Simon Greenstone Panatier, PC
- Headquarters: Dallas
- Offices: Long Beach New York Houston
- No. of attorneys: 10 (shareholders) 21 (associates)
- Major practice areas: Wrongful death Product Liability Torts
- Key people: Jeffrey B. Simon David C. Greenstone Christopher J. Panatier
- Date founded: February 2006; 19 years ago
- Founder: Jeffrey B. Simon David C. Greenstone
- Company type: Professional corporation
- Website: www.sgptrial.com

= Simon Greenstone Panatier =

Law firm based in Dallas, Texas

Simon Greenstone Panatier is a law firm based in Dallas, Texas, specializing in personal injury litigation and tort liability.

==History==
The firm was founded as Simon, Eddins & Greenstone in 2005 by three lawyers from Waters & Kraus.

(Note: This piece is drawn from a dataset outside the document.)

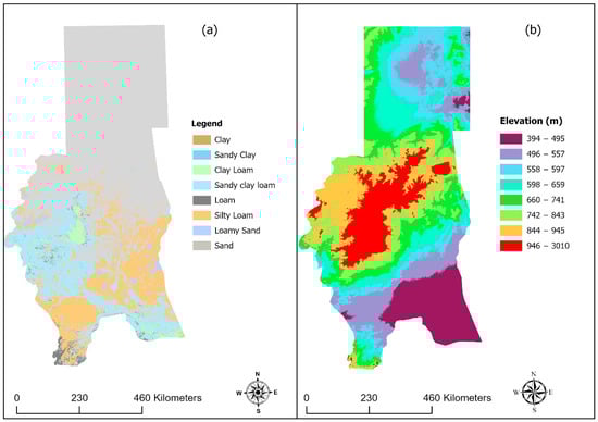Darfur has a highly variable climate, transitioning from an arid desert climate in the north to a semi-arid and tropical savannah climate in the south. The region experiences a seasonal climate, with the rainy season typically occurring from June to September, peaking between August and September [51]. Rainfall patterns vary significantly across Darfur, with the northern areas receiving considerably less precipitation compared to the southern parts [52]. This variation is strongly influenced by the region’s diverse topography and climate zones. The region is also characterized by high temperatures, often exceeding 40 °C in the dry season, with substantial seasonal and diurnal variations. The elevation of Darfur is diverse, with the Jebel Marra volcanic massif reaching elevations of over 3000 m above sea level (asl) serving as the dominant topographical feature, while the southeastern parts have a low elevation of about 394 m asl (Figure 2b). This mountainous region acts as an important climatic divide, influencing local precipitation patterns. The northern part of Darfur consists of vast desert plains, while the central and southern areas are characterized by rolling savannah landscapes. The soil composition varies across the region, ranging from sandy and nutrient-poor desert soils in the north to more fertile clay and loamy soils in the central and southern areas (Figure 2a). In the Jebel Marra region, volcanic-derived soils are found, which support relatively higher agricultural productivity. However, soil degradation, erosion, and desertification pose significant challenges across the region, particularly in areas with intense land use pressures. The vegetation cover in Darfur reflects the climatic gradient, with sparse desert vegetation in the north, transitioning into acacia woodlands and mixed shrublands in the central region [53]. The southern parts, receiving more rainfall, support savannah grasslands and scattered forests, which play a crucial role in local livelihoods [54,55]. The Jebel Marra highlands host unique montane vegetation, including evergreen forests and high-altitude grasslands, contributing to regional biodiversity [56,57].

Jeffrey Simon is one of the firm's founding partners. As of December 2015, Simon was head of the Texas Trial Lawyers Association. Simon holds an undergraduate degree from Colgate University and a law degree from the University of Texas.

==Cases==
Simon Greenstone has represented numerous plaintiffs in asbestos-related cases, particularly victims of mesothelioma. In 2014, a Dallas County jury awarded a mesothelioma sufferer $18.6 million in damages, including $15 million in punitive damages. In April 2016 an Arizona federal jury awarded $17 million in a wrongful death action, the largest jury verdict in Arizona in 2016.

On September 29, 2017, Simon filed a lawsuit on behalf of Upshur County in East Texas against a number of pharmaceutical companies for their role in creating and promoting the nation's opioid epidemic, the first time that a Texas county had sued the companies.

===Racketeering===
Simon Greenstone was one of five law firms sued for violations of the Racketeer Influenced and Corrupt Organizations Act (RICO) by asbestos gasket manufacturer Garlock Sealing Technologies in January 2014. During its bankruptcy proceedings, Garlock convinced the presiding judge, George Hodges, that Simon Greenstone and other firms deliberately delayed filing claims against asbestos bankruptcy trusts on behalf of their clients in order to exaggerate Garlock's responsibility for their injuries. Simon Greenstone later filed against Garlock that also alleged racketeering. Simon Greenstone and Garlock reached a settlement in March 2016. EnPro, Garlock's parent company, agreed to form a $480 million bankruptcy trust to resolve all current and future asbestos claims.

On January 25, 2016, John Crane filed to intervene in the suit against Simon Greenstone and made racketeering claims distinct from those made by Garlock. Simon Greenstone filed a breach-of-contract suit against John Crane in federal court in Los Angeles, California alleging that John Crane violated previous settlement agreements when it filed to intervene. In June 2016, John Crane filed an independent RICO suit against Simon Greenstone. The Illinois federal court found it was the wrong jurisdiction and the case was dismissed without prejudice to refile in the proper courts.

==Philanthropy==
Simon Greenstone Panatier provides $50,000 college scholarships for Dallas students whose lives have been disrupted by cancer.